Can you tell us a little bit about yourself and your background?
I am a certified sexuality educator, bord certified sexologist, and a faculty member at the University of Michigan. I started down this path in 2006, when I went to get a Master’s in Human Sexuality. After working in that field for several years, as well as working at a non-profit doing development and communication work, I realized that I wanted to bridge my dedication to social justice with my interest in sexuality, gender, and marginalized communities, and went to get my PhD in social work.
How did you manage to join the fields of sexuality and social justice in your work?
I have always been committed to doing advocacy and activism work, and over the past decade or more, I’ve realized how little discussion of sexuality, especially beyond the LGBTQIA2S+ community, there is in social justice work. When working as a sexuality educator, I tended to work with folks on the fringe of sex ed; older adults, disabled individuals, kinky folks, those pursuing non-monogamy, college students whose sexual scripts didn’t fit in with the mainstream idea of what it meant to be a sexual being. I realized that even though many people believed sexual health and sexual rights were deserved by all, these rights often weren’t extended to those weren’t interested in cisgender, heterosexual, vanilla (non-kinky), monogamous sexual interactions with more stereotypically attractive individuals. I wanted to work towards changing that.
What’s your personal definition of BDSM (for dummies)?
Many people believe in the BD = bondage and discipline, DS = domination and submission, and S/M = sado/masochism, which is a great jumping in point. However, I think BDSM, or kink (as I prefer to use – it is a better umbrella term) is anything where one is interested in sexual behavior outside of what we have been told is acceptable. For many people, yes, this involves power play/power exchange, or some sort of pain (like spanking, flogging, etc.), or bondage, or role play. But for others, this might be something as seemingly innocuous as having sex with the lights on, or watching porn together – if it FEELS taboo or kinky, than it IS kinky, if folks want to own that word.

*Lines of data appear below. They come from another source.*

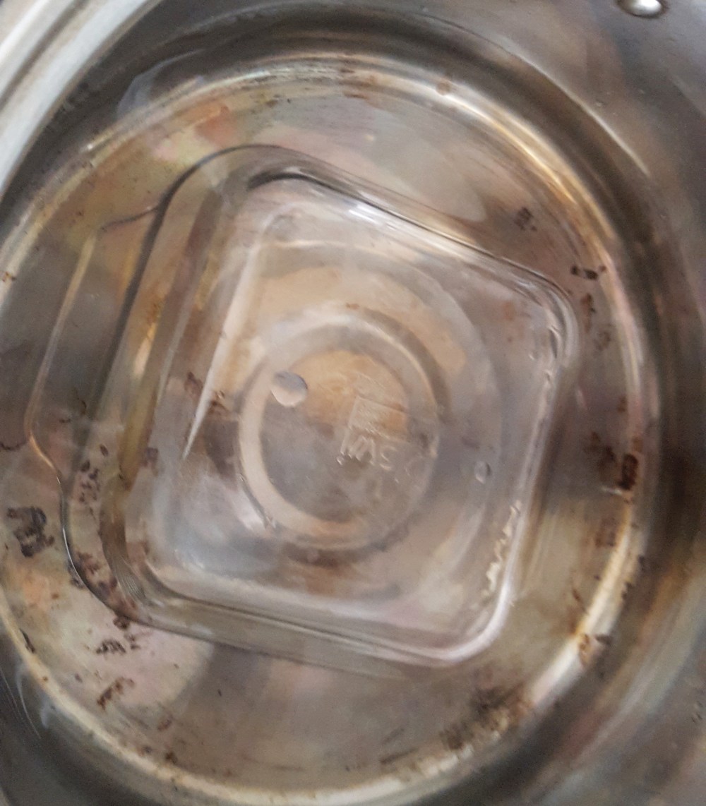 蓋付の底の深い鍋に水を張り、耐熱のお皿を伏せて置きます。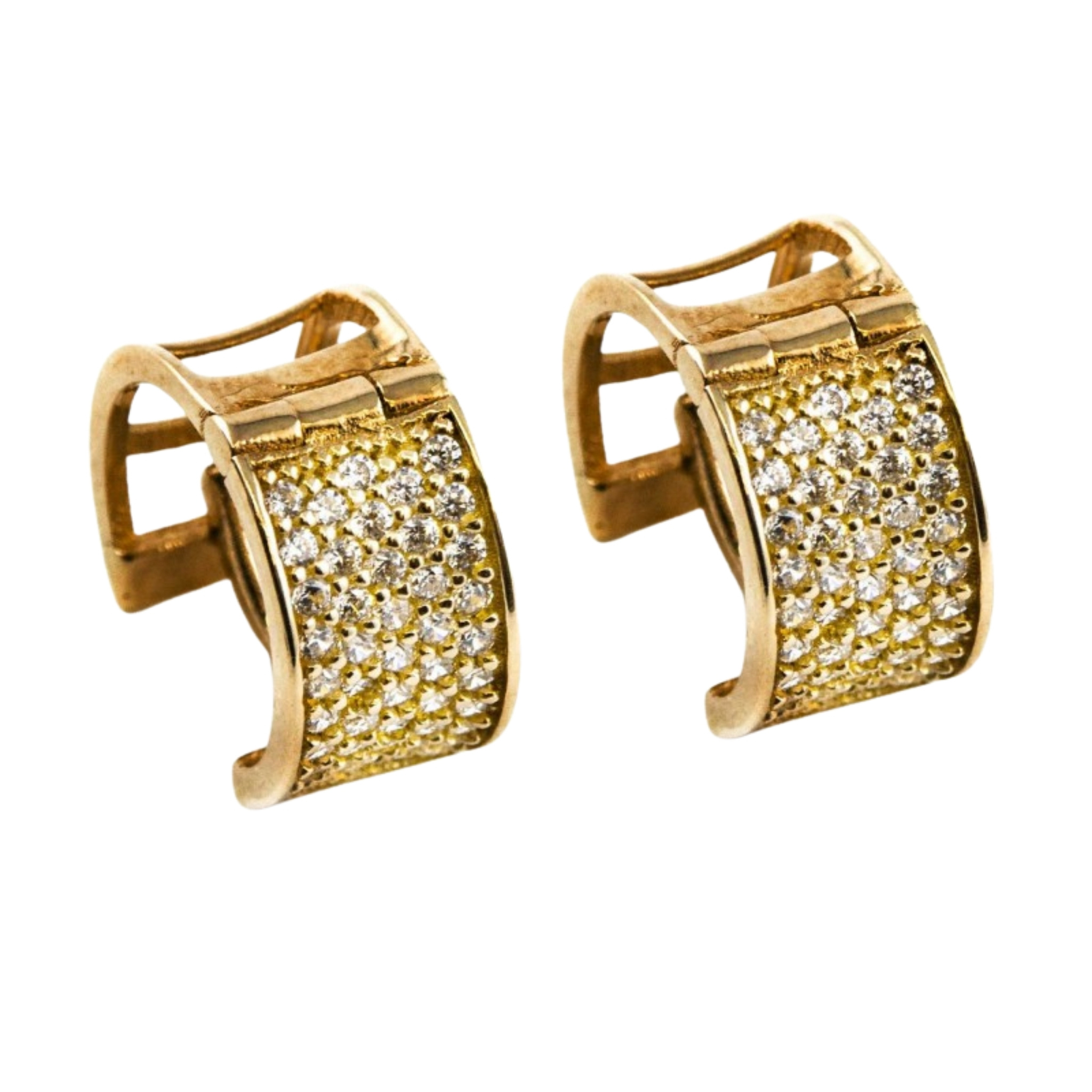 Kolczyki koła, zapinane szerokie z cyrkoniam ze złota pr. 585, 14k.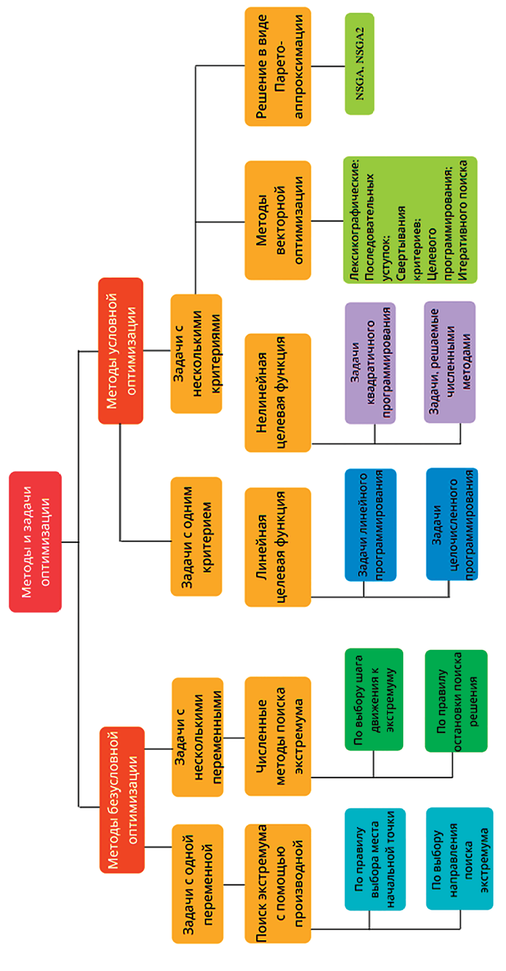 Задачи многокритериальной оптимизации различаются по типу целевой функции (задачи линейного, нелинейного, квадратичного программирования), количества оптимизируемых критериев (однокритериальные и многокритериальные) и условий (условные и безусловные). От вида оптимизационной задачи зависит выбор метода решения. На рис. 2 представлена классификация методов решения оптимизационных задач [10, 11].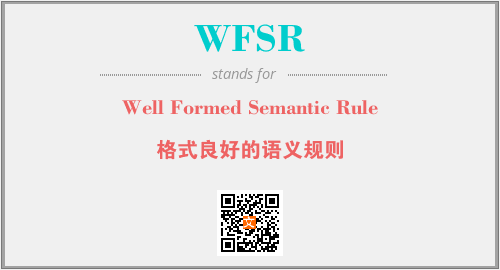 上述内容是“Well Formed Semantic Rule”作为“WFSR”的缩写,解释为“格式良好的语义规则”时的信息,以及英文缩略词WFSR所代表的英文单词,其对应的中文拼音、详细解释以及在英文中的流行度和相关分类、应用领域及应用示例等。

Why do you think people are drawn to BDSM and other sexual variations (fetishes, kinks)?
Sometimes I worry that we spend so much time trying to figure out the „why“ of sexuality and gender. We want to know how someone is trans, or queer, or _____. I don’t really think that is important. I think what is important is the „why“ of society telling people that who they are and what they desire (within consenting human adults) is not acceptable or appropriate.
How do you see the intersection of BDSM and disability?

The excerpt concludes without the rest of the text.